The leap forward in compute technology has impacted all aspects of visualizing simulation results. The data sets produced by ASCI machines can greatly overwhelm common networks and storage systems. Data file formats, networks, processing software, and rendering software and hardware must be improved. A Systems Engineering approach is necessary to achieve improved performance. The common approach of improving a single component or algorithm can actually decrease performance of the overall system.

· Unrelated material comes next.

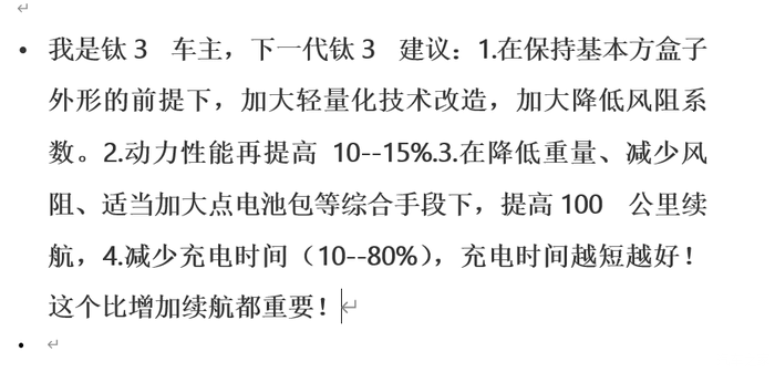 这辆车很符合我的心里预期,纯电官标501km续航,实际开下来,市区代步,夏天开空调的情况下,我可以开到400多的成绩,对我来说已经非常好了,驾驶模式平时我用经济模式,顾名思义,可以更好的保证续航,但是也不会感觉到肉,虽然我是后驱max版,加速比不上四驱,但作为日常代步的我来说,完全够用,高速则可以选择舒适或者运动模式,动力的话电门相应很快,加速线性,随踩随有。电耗的话平时百公里14个以下,高速的话之前单程100公里,16个不到,作为一台方盒子车型,风阻本就比传统车型大,所以我对这样的能耗很满意了。空间的话之前买车之前就听到过有人说钛3空间小,但是作为一个真正的车主,我的直观感受是并不小,我身高180左右,150斤,在前排坐姿调到舒适位置的同时,本人实际坐下后排的空间完全够用,各位可以亲自去体验下,后备箱空间对于我来说家用完全是够的,加上钛3的前备箱和小书包,相信可以满足大部分的车主需求了。和大家分享一个用车体验,前几天和朋友约了去隔壁市一个景点看日出,朋友点名让我开钛3过去,晚上十一点出发,凌晨12点多到的,原本准备开个钟点房休息下,等到四点多再出发去目的地,后来朋友说不如就在车里休息下,他也是第一次感受下在新能源车里过夜,我们沿湖边找了个车位停好,放倒座椅,打开座椅通风,不得不说这个功能真的实用,打开遮阳帘,映入眼帘的一片星空,好多星星,好久没有见到过了,此时此刻放着音乐,非常的满足,不知不觉就睡着了,不过开着空调用电是真的不心疼

Using a full system design approach, visualization requirements are compared with technology tends to quantify the visualization system requirements. Researchers are exploring data reduction and selection, parallel data streaming, and run-time visualization techniques. The system performance goals require each technique to consider a balanced combination of hardware and software.


Christopher Johnson
University of Utah


Interaction with complex, multidimensional data is now recognized as a critical analysis component in many areas, including computational fluid dynamics, computational combustion, and computational mechanics. The new generation of massively parallel computers will have speeds measured in teraflops and will handle dataset sizes measured in terabytes to petabytes. Although these machines offer enormous potential for solving very large scale realistic modeling, simulation, and optimization problems, their effectiveness will hinge upon the ability of human experts to interact with their computations and extract useful information. Since humans interact most naturally in a 3D world and since much of the data in important computational problems has a fundamental 3D spatial component, I believe the greatest potential for this human/machine partnership will come through the use of 3D interactive technologies.

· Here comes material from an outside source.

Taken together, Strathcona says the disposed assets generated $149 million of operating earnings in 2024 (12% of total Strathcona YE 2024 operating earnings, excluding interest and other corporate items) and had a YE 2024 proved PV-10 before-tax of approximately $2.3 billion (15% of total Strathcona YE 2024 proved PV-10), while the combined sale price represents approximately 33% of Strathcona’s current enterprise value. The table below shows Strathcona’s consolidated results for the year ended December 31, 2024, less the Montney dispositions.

Within the Center for Scientific Computing and Imaging at the University of Utah, we have developed a problem solving environment for steering large-scale simulations with integrated interactive visualization called SCIRun. SCIRun is a scientific programming environment that allows the interactive construction, debugging and steering of large-scale scientific computations. SCIRun can be envisioned as a ``computational workbench,'' in which a scientist can design and modify simulations interactively via a dataflow programming model. SCIRun enables scientists to modify geometric models and interactively change numerical parameters and boundary conditions, as well as to modify the level of mesh adaptation needed for an accurate numerical solution. As opposed to the typical ``off-line'' simulation mode - in which the scientist manually sets input parameters, computes results, visualizes the results via a separate visualization package, then starts again at the beginning - SCIRun ``closes the loop'' and allows interactive steering of the design, computation, and visualization phases of a simulation.


Mike Krogh
Computational Engineering International Inc.

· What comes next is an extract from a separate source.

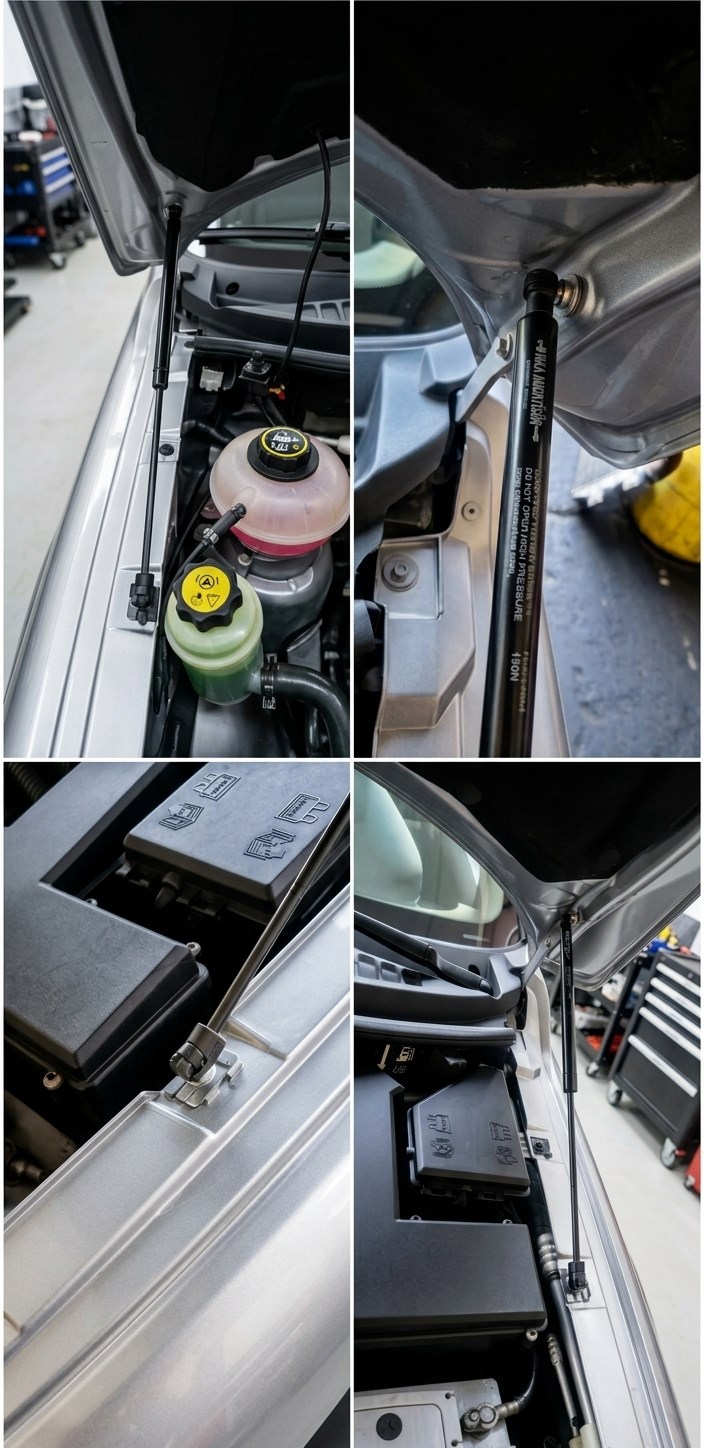 🛡️ Frenli (Slow-Open) Sistem: Kaput fırlayarak açılmaz. Özel frenli yapısı sayesinde son noktaya kadar yavaş ve güvenli bir şekilde açılır, mekanizmayı yormaz.

With the advent of terascale supercomputers, such as with the DOE's ASCI Program, that are magnitudes larger than what is typically available in the commercial marketplace, a reasonable question is "is commercial visualization software a viable option for large data visualization?" Is such software a viable option for the supercomputer users and their management? What features do they want? What do they have to be willing to forego? For the software provider, what hurdles must be dealt with? Where are the overlaps between mainstream and bleeding-edge requirements? I will address these issues, and others, in the context of Computational Engineering International's EnSight Gold visualization package.